Tuesday, July 25, 2023

Triumph is defeat. . .

I am old enough to remember when the TIME magazine of April 8, 1966, arrived at our house with its bold question, Is God Dead?  Harvey Cox had already pretty much suggested that a year before with his The Secular City.  My parents did not let the magazine linger in the house and threw it away.  I had already read the article and knew that whatever it was talking about could not be answered by discarding the question.  Over the years the question is no longer on the forefront of theological discussion but the issue has been eclipsed by the rise of a culture not only in which God is suspect but in which God has become either the enemy of self or the being created by your own imagination (now to support the pursuit of the authentic self).  Cox is still alive though hardly mentioned anymore.  At age 93, he will soon find the answer to his own question but the culture has progressed far beyond what Cox or Nietzsche ever envisioned.

It must have been exhilarating to preside over the death of God and the triumph of the secular self.  Those were heady days in the 1960s and 1970s when the doctrines of Scripture and the moral markers of life's boundaries were all under challenge.  Though we might fault the arrogance of someone like Cox in deciding that God is either dead or irrelevant, it is exactly the sin of Eden that has proven impossible to break away from.  One of the central consequences of the death of God is the perception of a freedom that seems to be empowering but with comes the stark consequence of death and a meaningless, random, and pointless existence that surely should be terrifying to us.  That it is not is ample evidence of our own preoccupation with the moment and self to our eternal detriment.  To kill God is hardly to do anything to Him but it does the terrible to us.  In the absence of God, man must become god and a pantheon of gods as many as their are people.  In the vacuum created by God's departure, man as an individual is left to create his own value system and that value systems will inevitably compete for dominance.  Without the sacred, the secular will erect its own temples, its own rituals, and its own sacraments to transcend the prison of the moment.  Devoid of the voice of God to instruct us in the meaning and value of our lives, every individual is left to discover and define his or her own meaning of life and that brings the competing definitions into conflict.
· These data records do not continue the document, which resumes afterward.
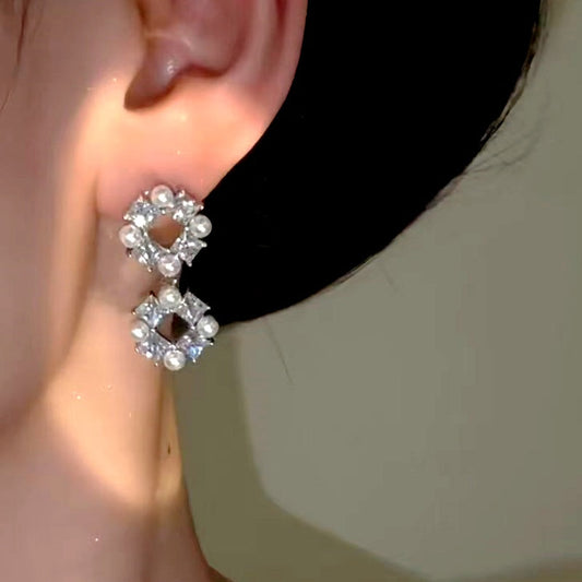 14K Gold-Plated Luxury Zircon Cube Pearl Earrings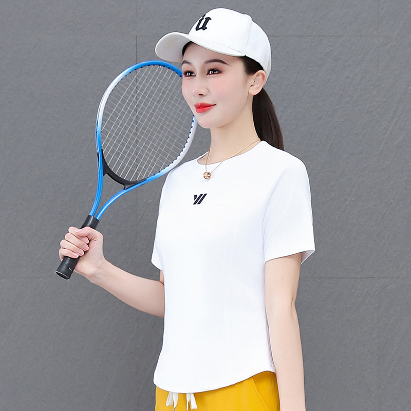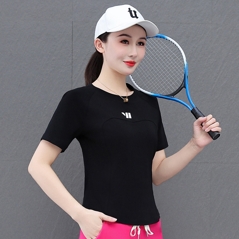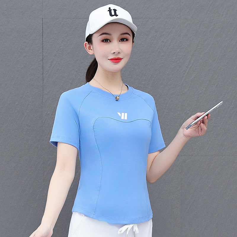 广场舞服装新款刺绣运动休闲圆领棉T恤健身跳操显瘦修身短袖上衣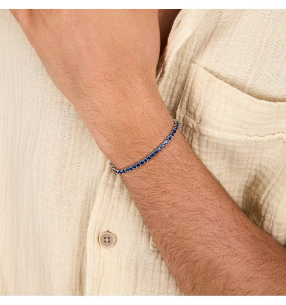 Bracciale tennis da uomo Morellato della collezione Tennis di zirconi blu realizzato in argento 925%. Lunghezza di 18 cm + 3,5 cm; chiusura a moschettone.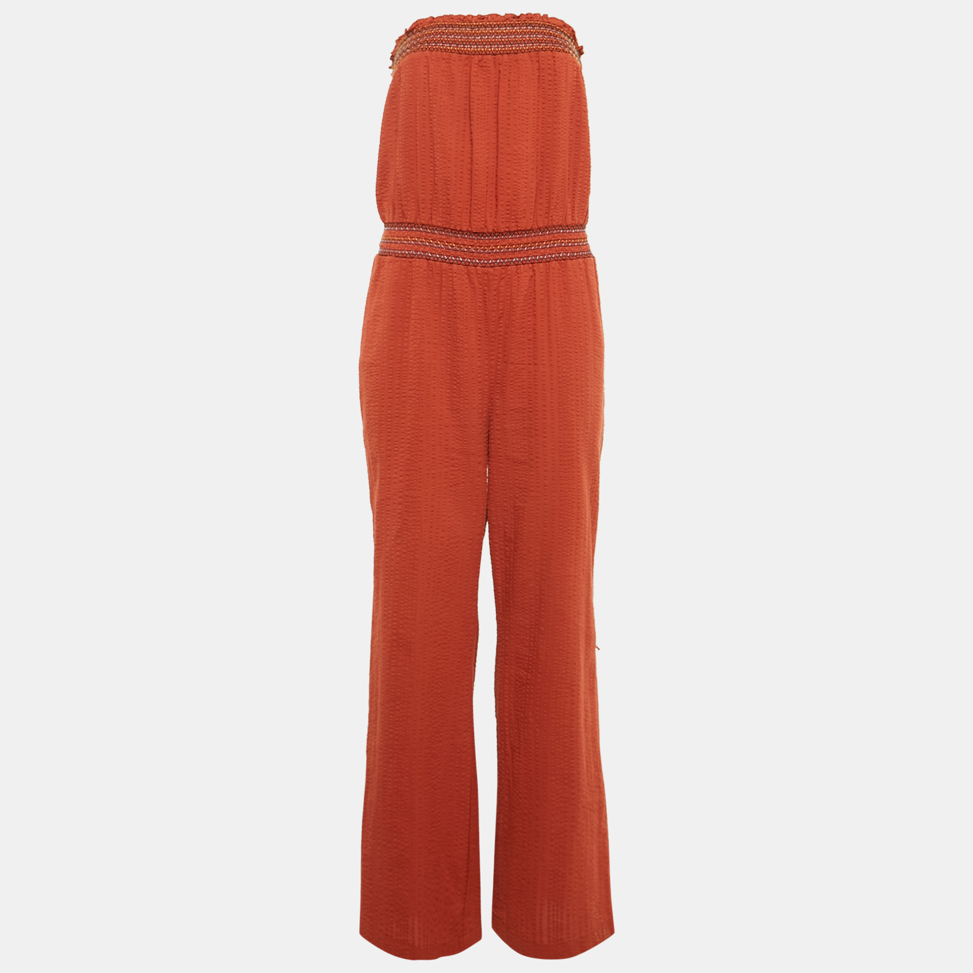 Warm and sunlit in feel, this Boss Orange by Hugo Boss jumpsuit stands out in a rich burnt orange tone. The strapless silhouette and airy seersucker texture make it feel relaxed.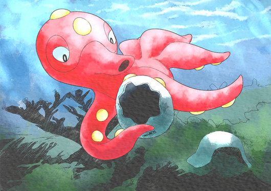 Here's another entry which I became rather fond of while doing a little research on them. Entry #33 is the first Fossil Pokémon in the Scrapbook, I remember feeling a bit unnerved when first coming across Cradily, its design is just so alien compared to the other fossil Pokémon. The tide is out where Cradily can be seen hunting, it has come across a rock pool when its prey has been waterlogged for easy pickings. Also, that's two lily themed Pokémon in a row, honestly a coincidence. Working on rock texture again with this piece, I painted the foreground rocks just the same and then I used a soft blur brush to try and create an 'out of focus' effect, fleshing out of the scene while keeping the attention towards Cradily.If you'd like, you can check out the Pokemon Scrapbook where you can find all of the Poke Pieces I've created so far! Plenty more to come!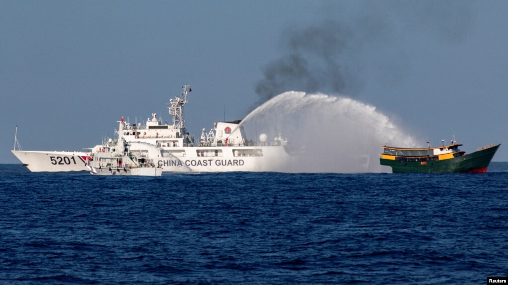 Trong thời gian qua, Manila đã tố cáo Bắc Kinh liên tục cho tàu hải cảnh quấy rối các tàu tiếp tế cho các binh sỹ của họ đồn trú trên chiến hạm BRP Sierra Madre bị mắc cạn trên Bãi Cỏ Mây mà đỉnh điểm là vụ phun vòi rồng hôm 23/3.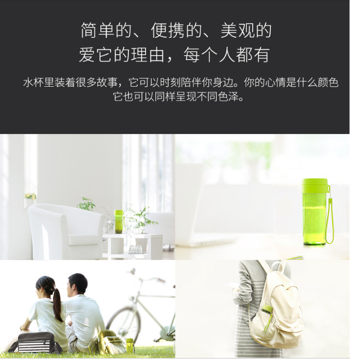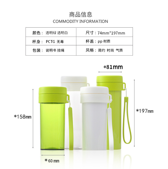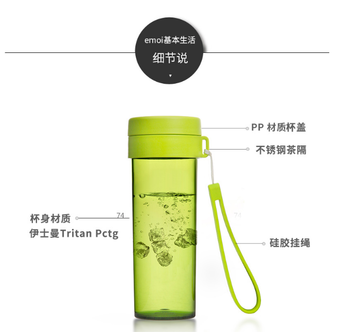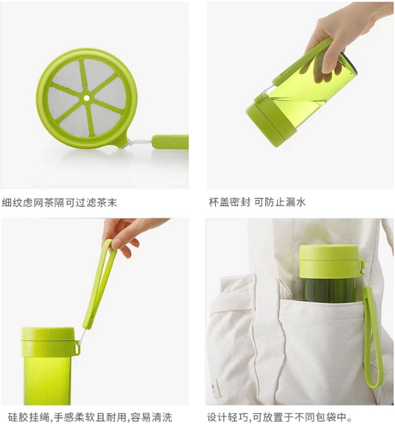 產品特點:傾斜防漏,堅固耐用,無毒塑料;熱水飲用無異味,低溫不易碎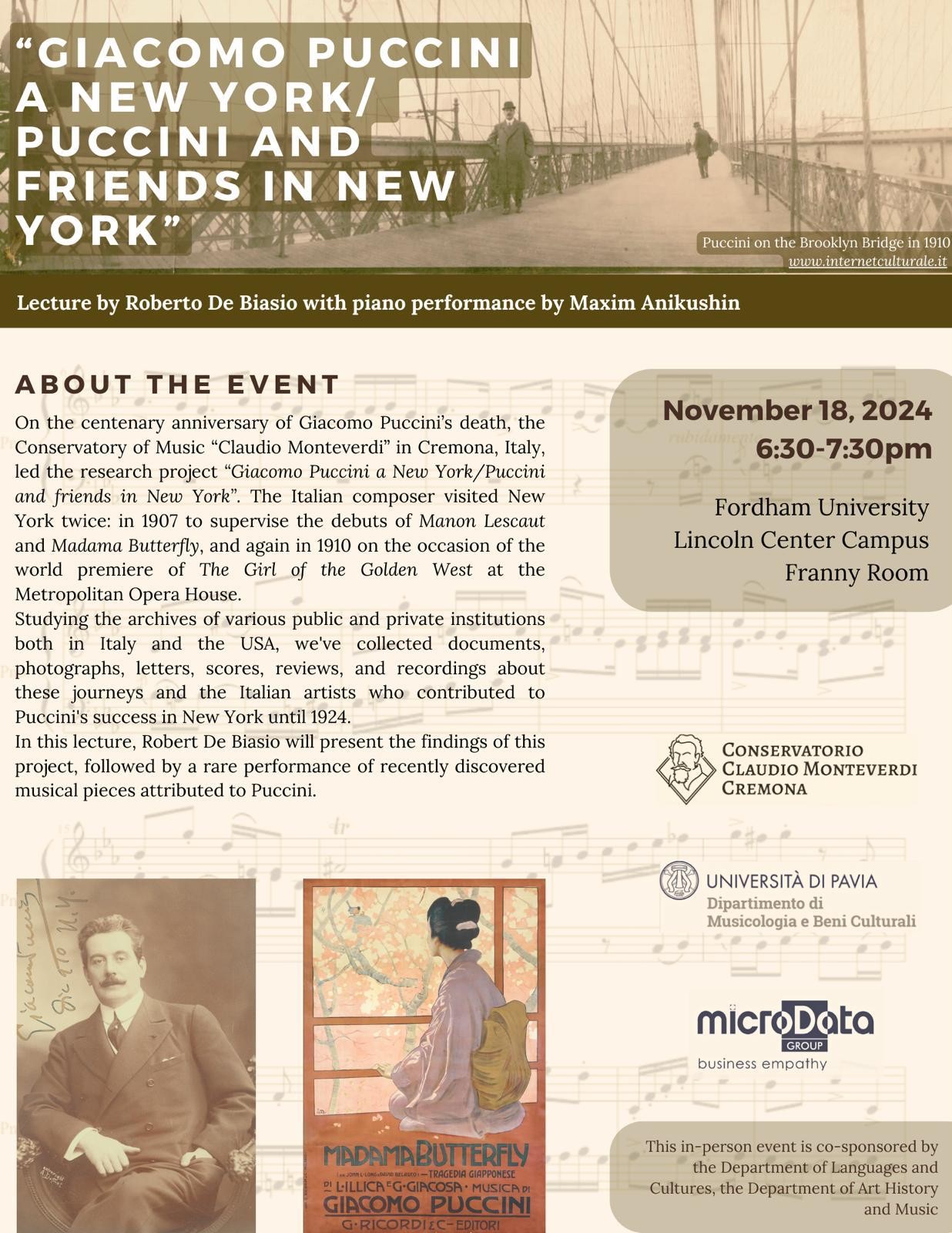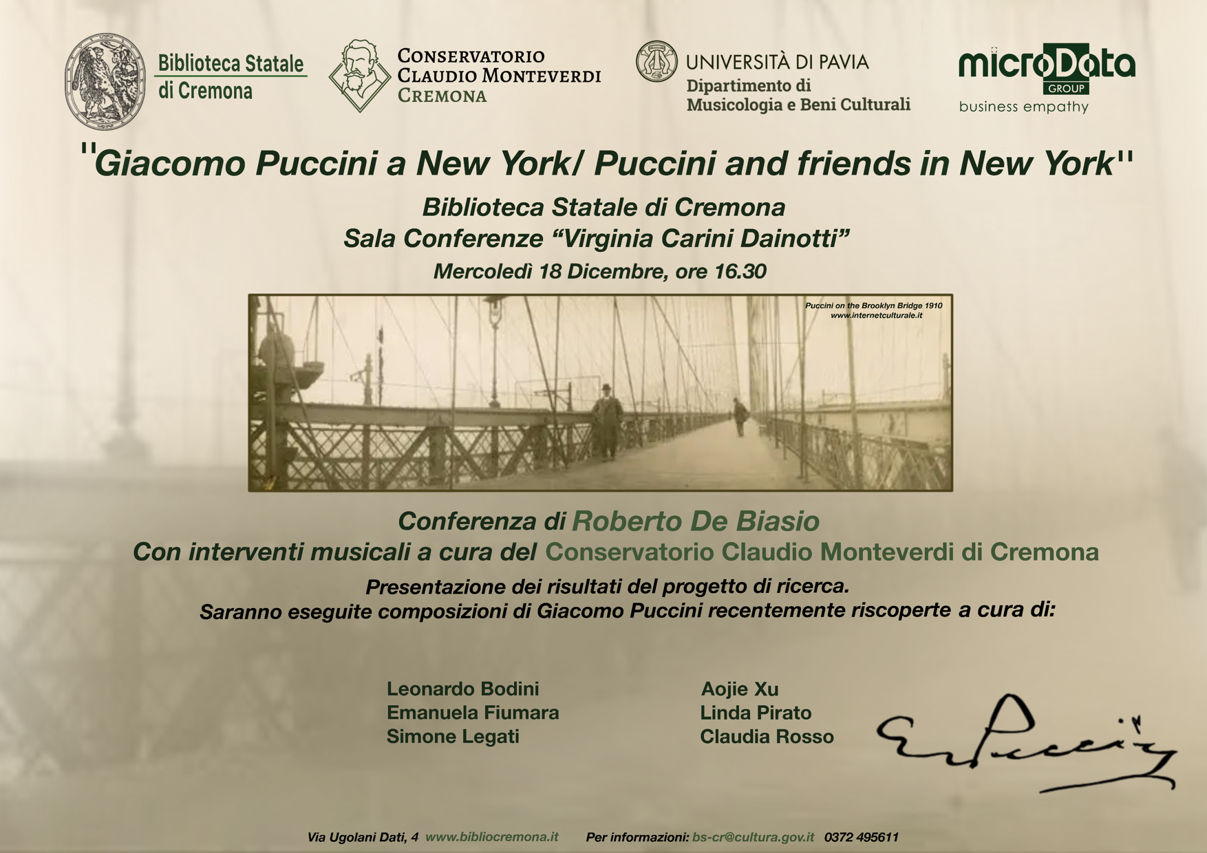Il progetto di ricerca Giacomo Puccini a New York / Puccini and friends in New York, realizzato in collaborazione con il Dipartimento di Musicologia e Beni Culturali dell’Università di Pavia (sede di Cremona) e con la Fordham University di New York, ha inteso indagare e rivalutare gli artisti italiani che contribuirono significativamente al successo delle opere del compositore lucchese a New York fino al 1924.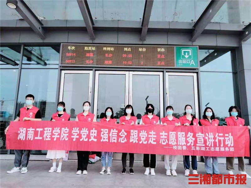三湘都市报5月8日讯(通讯员 杨杰 黄姣姣 记者 杨斯涵 黄京) “我旅行的下一站是韶山,来之前只知道韶山是毛泽东的故居,却不知道韶山还有这么多红色故事。”旅行者小杨听完志愿者介绍党史故事后说道。近日,beat365平台官方网站“五彩湖工”志愿服务团利用“五一”假期,前往湘潭市火车站、板塘城铁站开展“学党史、强信念、跟党走” 志愿服务和党史宣讲活动。让旅客们在旅途中了解党史故事,传承红色基因。

Without the sacred to anchor life, every person is adrift in their own lifeboat.

It is not enough then to desecrate and destroy the remnants of what was once sacred.  They must be replaced and their memory rendered abhorrent.  Surely this is where we are at today.  It is not enough that the forces against Christianity must challenge all that is Christian but they must co-opt Christianity itself until it becomes a vehicle for the secular, a mere echo of the voice of culture and self.  After this, the same powers must make it illegal to confess what had been in history and dogma and not simply allow it to become irrelevant.  If left unchecked, all the liberties we once enjoyed will be constrained for the sake of the new truths and new deities of the individual self.  Of course, the soft underbelly of it all that the self is not free but must live within the confines of what culture deems acceptable.  The triumph over God is short-lived and soon surrenders to the defeat of anything that transcends the moment.  In the end, we have nothing to hold onto in the face of death and nothing to pass on to those who follow us except the tyranny of self, the pursuit of present pleasures, and the peace made with death in order to justify it all.  God is not wounded by our arrogance but we are made poor and left to the wretchedness of our own excesses until nothing is left to sustain hope and nothing to constrain the violence that will inevitably arise within.